Here's the good news:

See those beauts? That's just one cluster on my heirloom Legacy tomato. There are about three other clusters like that. The tomatoes are a great size; as big or bigger than the typical tomato you'd buy in the store. My mom  has nowhere near the number of fruits on her Legacy.

Here's the bad news: They've been like that for about three weeks, despite the fact that we've had record temperatures and plenty of warm (and even hot) nights. They just won't ripen (and no, this isn't a green tomato variety).
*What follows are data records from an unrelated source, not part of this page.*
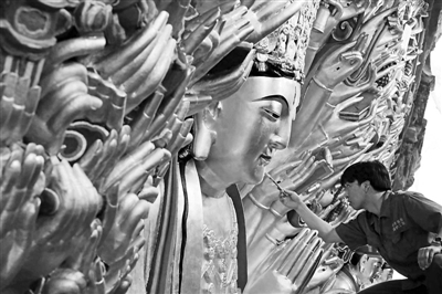 近日,在重庆市大足区宝顶山千手观音造像修复工程现场,工作人员为造像表面刷封护剂。封护剂就像“护肤霜”,能够对千手观音的“皮肤”起到很好的保护作用,也有利于今后对造像表面的清洁。目前,重庆大足千手观音造像修复工程的石质、彩绘和贴金等主体修复均已完成,修复工程进入最后的“护肤”阶段。
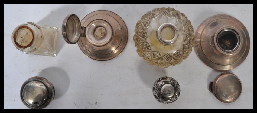 A collection of silver hallmarked items to include a silver topped cut glass perfume bottle, two capstan ink wells and a silver topped glass pot. Highest measures 11 cm.
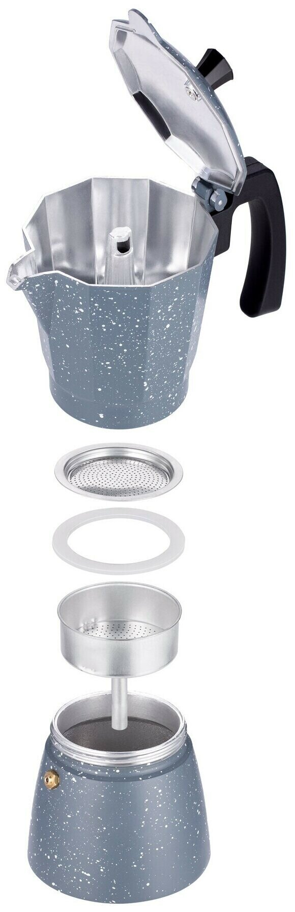 | Дополнительная информация | Современная гейзерная кофеварка выполнена из высококачественного алюминия, имеет удобную ручку, которая не нагревается. Кофеварка состоит из двух емкостей, разделенных специальным фильтром. Готовить любимый кофе в гейзерной кофеварке - одно удовольствие. Вы легко и быстро заварите ароматный кофе с пенкой для самых близких сердцу людей! Очень удобная в использовании и уходе. Окружайте себя практичными и приятными вещами! Объем 0.45 л. Количество порций 9. Высота 23 см. Вес 0.6 кг. Особенности - теплоизоляционная ручка. Мытье в посудомоечной машине - да. Цвет - мрамор. |
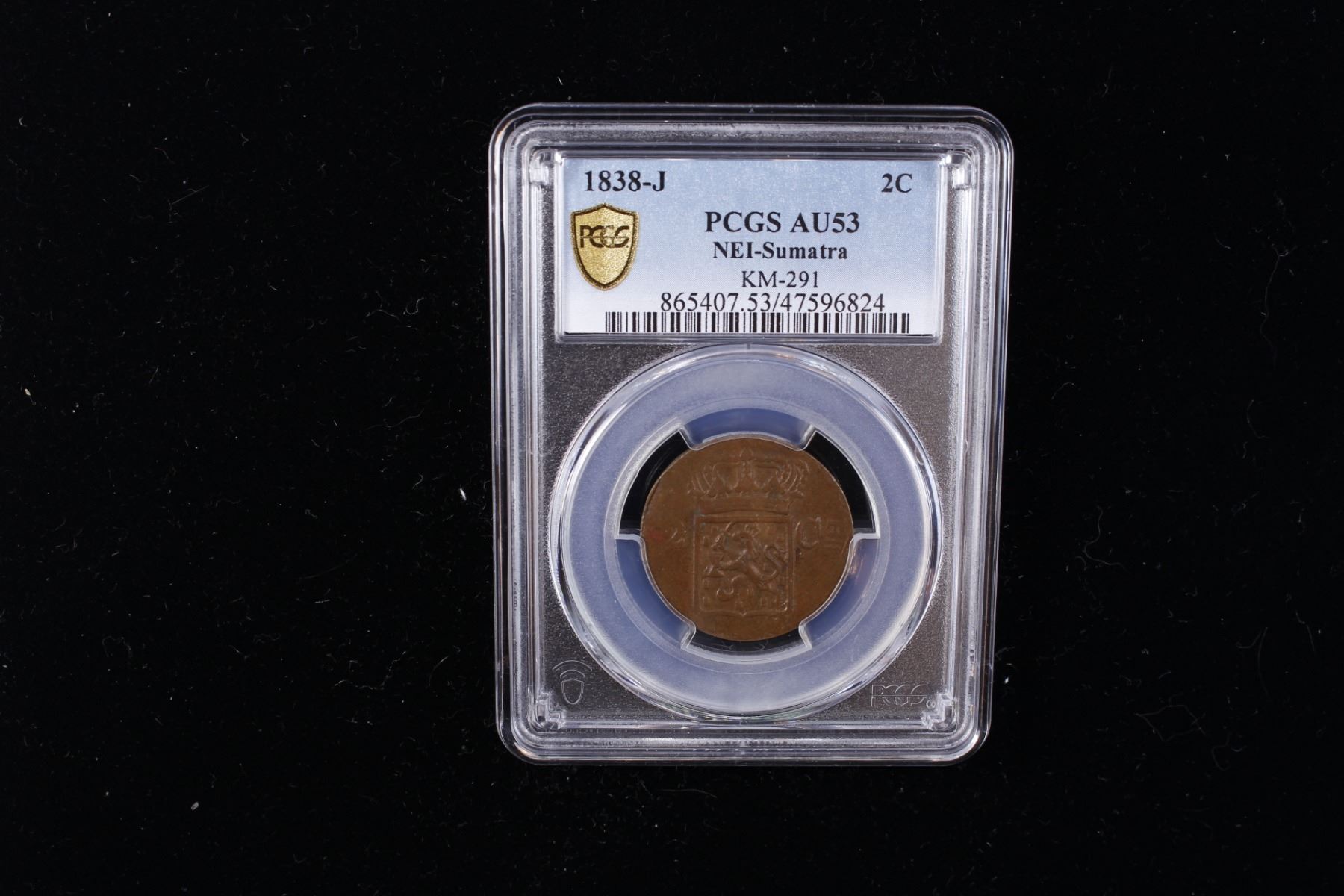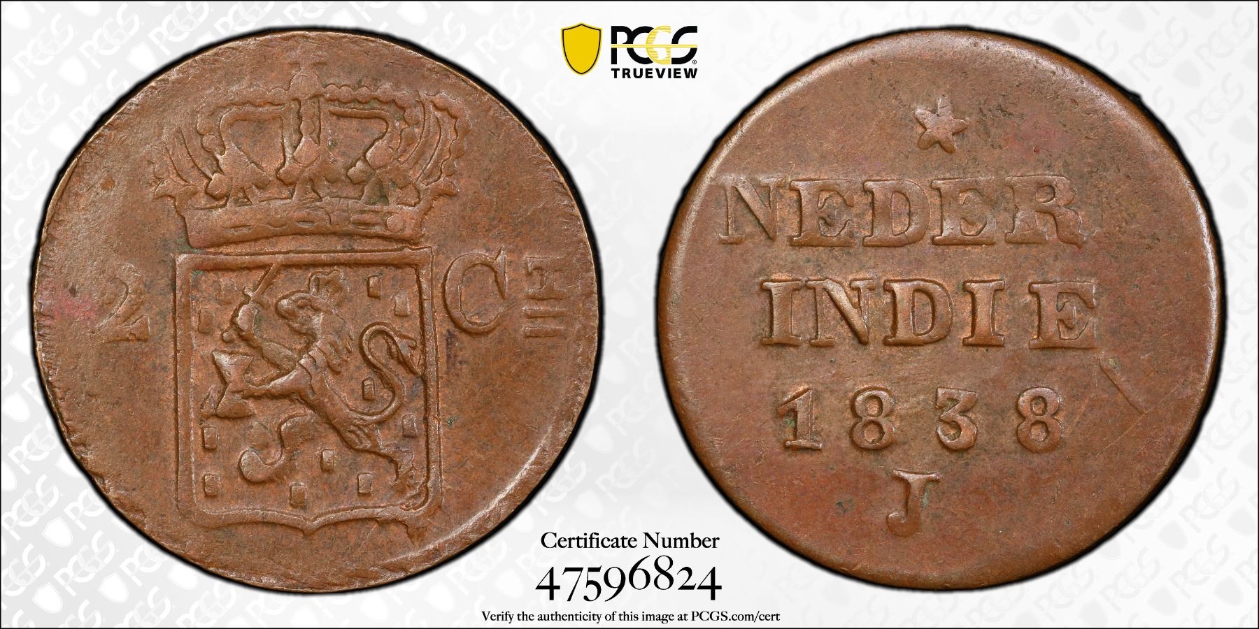 NETHERLANDS EAST INDIES: Willem I, 1816-1840, AE 2 cents, 1838, initial J, rich brown patina with traces of original red, PCGS graded AU53.

Meanwhile, my mom's Delicious tomato plant also has less fruit than mine, and she officially gets the price for the first ripe tomato of the year from that plant. But what's weird is that the tomatoes on my Delicious plant are nicely formed and otherwise pretty (although, like their next door neighbors on Legacy, they aren't getting ripe any too fast), while the tomatoes on my mom's Delicous plant are a big deformed (although she reports that they taste delicious ... go figure).

There's still no real way to know exactly what accounts for the differences in the plants.

To recap, the plants were purchased from the same place and planted in the same plot. They are receiving the same water and both are in complete full sun. I planted mine with Tomato Tone organic fertilizer and my mom enrobed hers in plastic for the first several weeks of the growing season.

My mom did sneak a cucumber and a few beans in there as well. As you can see the cucumber is pretty happy.


So here's the question though: Who can tell me why all those tomatoes on my Legacy plant are taking so darn long to ripen? Is there anything I can do to speed up the process?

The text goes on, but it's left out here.